**REQUIRED WORK**:
All lines below between the line with "Na naszym parkingu" and the line with "Moderne Ferienwohnung mit", including both, must be copied exactly, and the pictures must be omitted.

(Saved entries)

··········

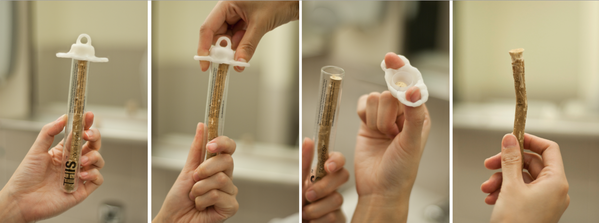 THIS aims to repackage and promote the miswak as an organic, biodegradable, portable, more beneficial substitute for toothpaste and a toothbrush. The biggest challenge was figuring out how to package and market the twig to a contemporary American audience, who would not be entertained with the idea of biting off the top of the stick in order to use it. The solution for this is a cigar-cutter-like cap that peels off the outer layer to reveal the natural bristles, and slices them off after use. It also protects the stick from germs and microbes.
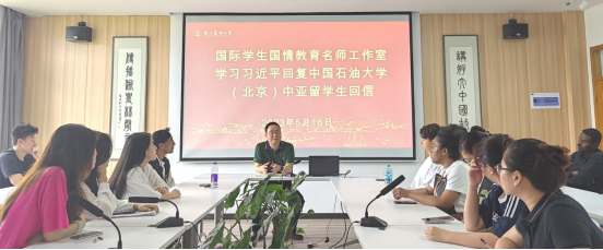 近日,国际学生国情教育名师工作室组织来自吉尔吉斯斯坦、哈萨克斯坦、越南、苏丹、赤道几内亚等国留学生代表召开学习座谈会,专题学习了习近平总书记5月15日给中国石油大学(北京)的中亚留学生们的回信精神。
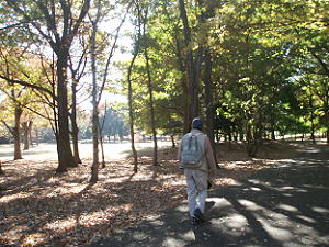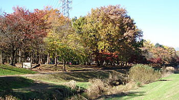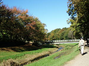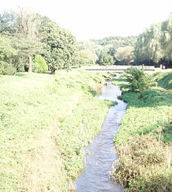 芝生広場を抜け、東八道路にかかる橋をわたると野川の流れが。
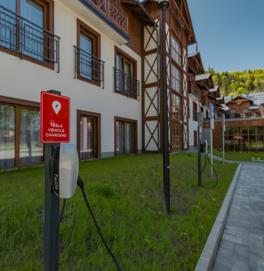 Na naszym parkingu hotelowym Goście mogą skorzystać z dwóch ładowarek elektrycznych dla samochodów. Zachęcamy do ekologicznego podróżowania!
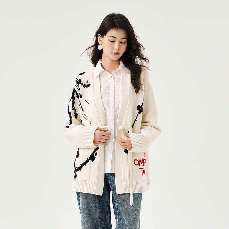 100%羊毛 提花毛织开衫 OTT2025春季 新中式 女白色羊毛衫 新款
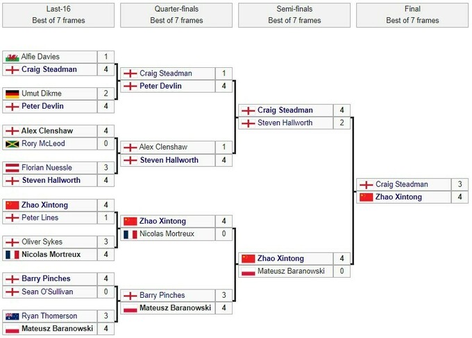 Переможцем турніру у Стокгольмі став китаєць Чжао Сіньтун, колишній профі-гравець та переможець двох рейтингових турнірів. Він у фіналі переміг Крейга Стедмана з Англії (4:3).
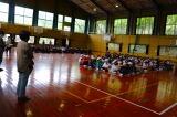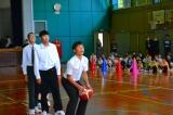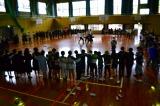 堂々と入場してきたA、B団。立派な挨拶の後、バスケットのシュート対決で色を選ぶ順番を決めます。
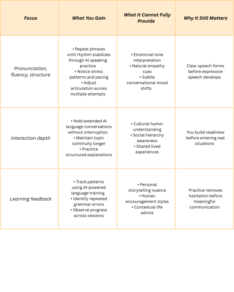 AI language conversations address those gaps by making speaking more frequent or guided, and/or measurable.
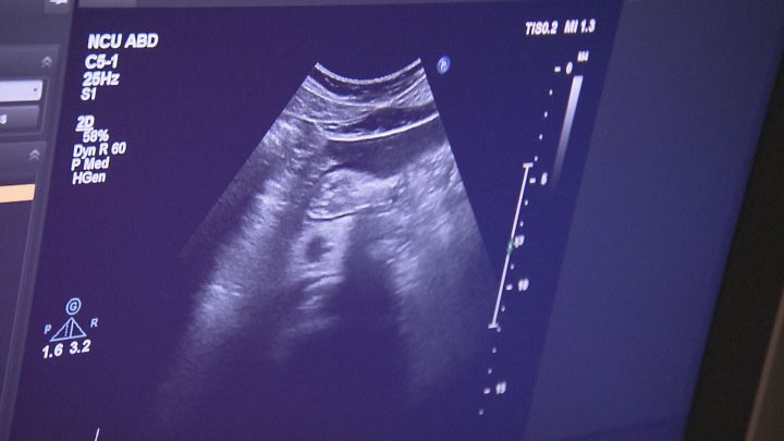 ゼリーをつけたお腹に超音波を出す機械を当てて、体の中を見ていきます。
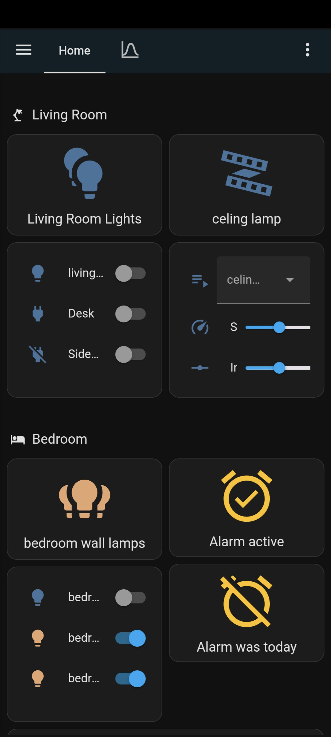 Few at-a-glance chips at the top, then buttons that drive binary helpers. Turn them on and that section of the mobile dashboard becomes visible, or tap again to put them away. Each of the chips has a function so most of my most used things are always right there.
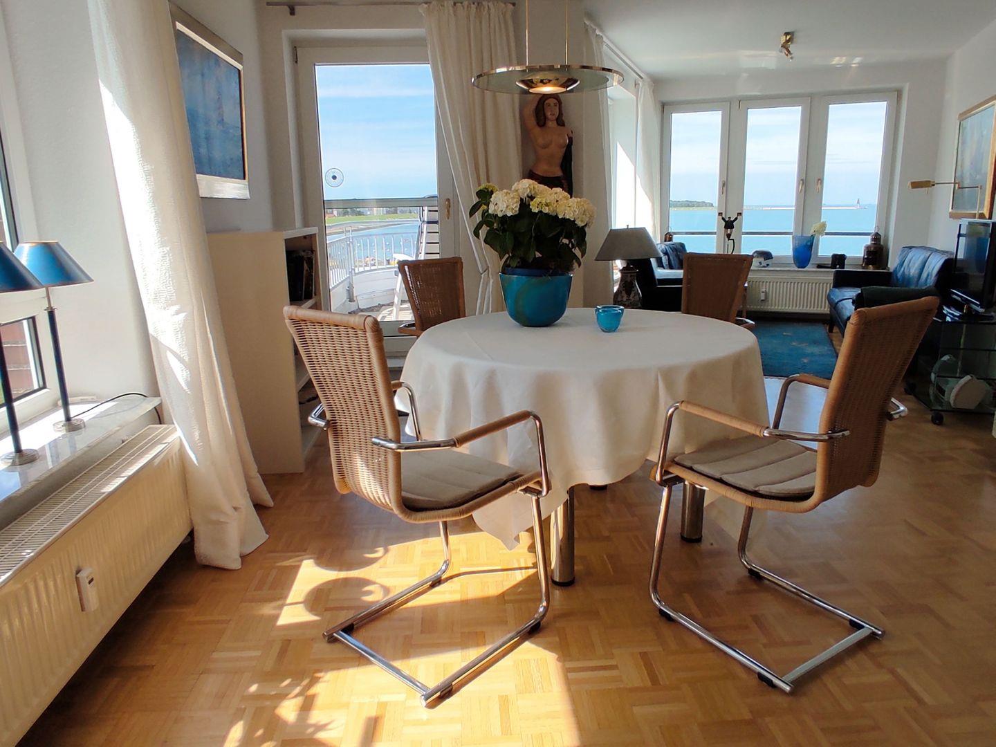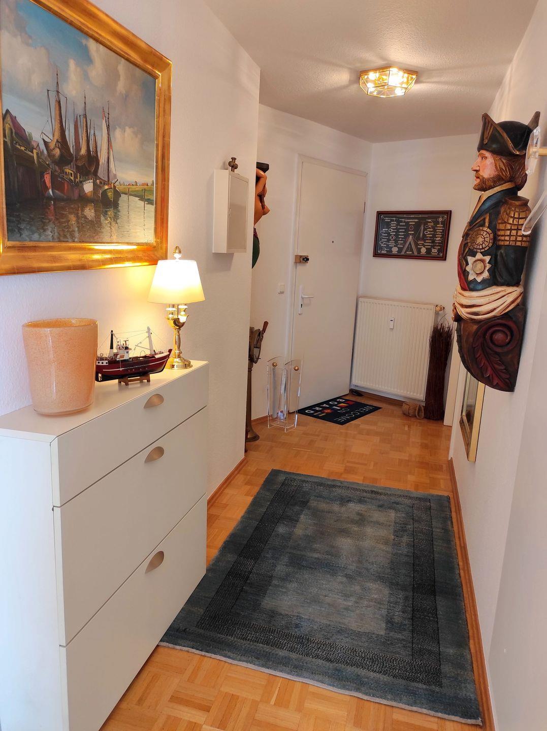 Moderne Ferienwohnung mit Seeblick und Balkon in Cuxhaven, ideal für Paare, mit WLAN, Küche und eigenem Parkplatz.
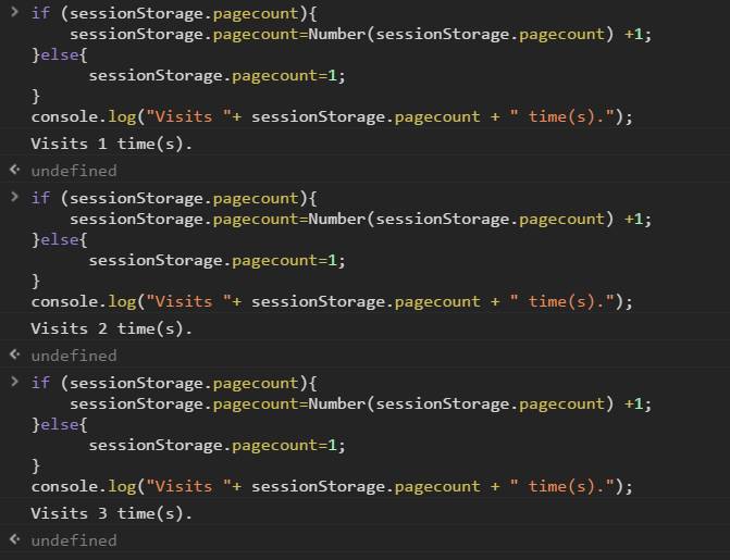 console.log("Visits "+ sessionStorage.pagecount + " time(s).");

··········

**REPLY**:
 Na naszym parkingu hotelowym Goście mogą skorzystać z dwóch ładowarek elektrycznych dla samochodów. Zachęcamy do ekologicznego podróżowania!
 100%羊毛 提花毛织开衫 OTT2025春季 新中式 女白色羊毛衫 新款
 Переможцем турніру у Стокгольмі став китаєць Чжао Сіньтун, колишній профі-гравець та переможець двох рейтингових турнірів. Він у фіналі переміг Крейга Стедмана з Англії (4:3).
 堂々と入場してきたA、B団。立派な挨拶の後、バスケットのシュート対決で色を選ぶ順番を決めます。
 AI language conversations address those gaps by making speaking more frequent or guided, and/or measurable.
 ゼリーをつけたお腹に超音波を出す機械を当てて、体の中を見ていきます。
 Few at-a-glance chips at the top, then buttons that drive binary helpers. Turn them on and that section of the mobile dashboard becomes visible, or tap again to put them away. Each of the chips has a function so most of my most used things are always right there.
 Moderne Ferienwohnung mit Seeblick und Balkon in Cuxhaven, ideal für Paare, mit WLAN, Küche und eigenem Parkplatz.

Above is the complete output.